Abdominal Examination

Abdominal Examination-

Aims of Abdominal Examination
Abdominal examination should be done to:-

  • Observe signs of pregnancy;
  • Assess foetal size and growth;
  • Assess foetal health; and
  • Diagnose the location of the foetal parts.

1. Inspection
By inspection, you will come to know the size of the abdomen and stretch marks or striae, and linea nigra and any surgery scar.
Uterine fundus is palpated at each check up to corroborate normal foetal growth as

  • 14th week – 2.5 cm above symphysis pubis
  • 18th week – 4 cm below umbilicus
  • 24th week – At level of maternal umbilicus
  • 28th week – At lower 1/3rd distance between umbilicus and ensiform cartilage
  • 32nd week – At lower 2/3rd distance between umbilicus and ensiform cartilage
  • 36th week – reaches below sub costal arch.
  • 40th week – comes lower below 36th week but lies above 32nd week.
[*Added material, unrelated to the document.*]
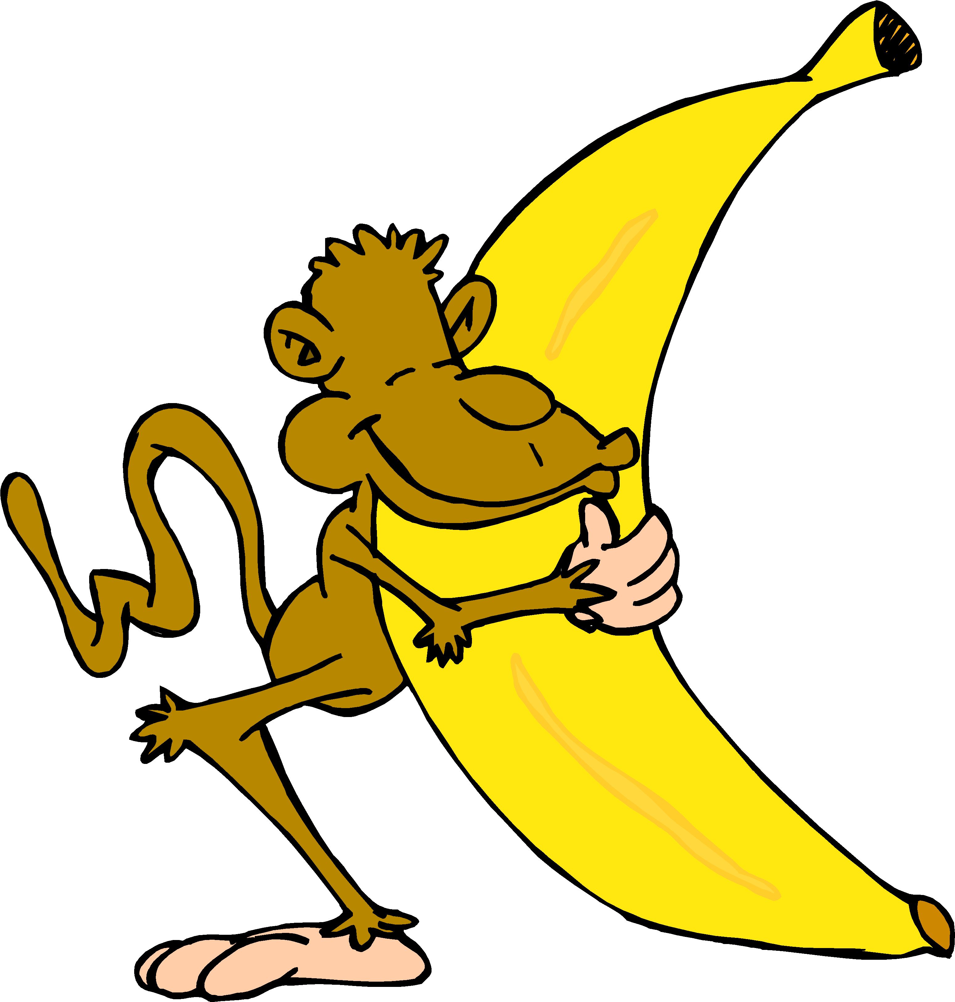 Monkey with Large Banana 2 Clip Art, Animals

First Step — Fundal palpation — Palpation of height of fundus by outstretched left palm.

Second Step — Fundal grip — Midwife faces the woman’s face. Uterine fundus is palpated by both palms to determine soft pole of foetus or hand foetal head is felt

Third Step — Lateral grip — Uterus is felt to determine foetal back on one side and irregular limbs on the other in vertex and breech presentation.
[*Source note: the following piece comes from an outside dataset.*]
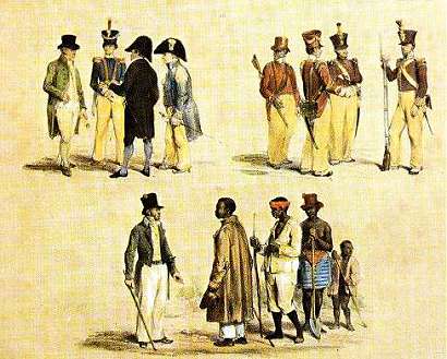 Diverse Uniformen van die tijd. Linksboven : Gezagsdragers en officieren. Rechtsboven: Een soldaat, een schutter, een kannonier en een officier van het vrije korps.

Place your hands on either side of the middle of her abdomen. Push gently with one hand while holding the other hand firm to steady the uterus; alternate the pressure between your two hands.

If you feel the round, hard shape of the baby's head at one side, and the fundus feels empty, it may be a transverse lie and you should refer the mother urgently.

Pelvic grip: Foetal pole at lower part of uterus is palpable by both palms. Hard foetal head is felt in vertex, soft breech in breech presentation.

Pawlik’s grip: Foetal head– In vertex presentation. Foetal head is gripped at lower part of pregnant uterus. This palpation confirms palpation by pelvic grip.

The purpose of the fourth manoeuvre (also known as Pawlick's grip) is to help determine whether the fetal head (in a cephalic presentation) has descended into the mother's pelvis and engaged in the cervix.

3.Auscultation (Hearing of Foetal Heart Sound)-

Foetal heart sound is heard by stethoscope at the site of foetal back on the spino-umbilical line or on the flanks in vertex presentation. Foetal heart rate heard at 120-140/min ensures foetal well-being.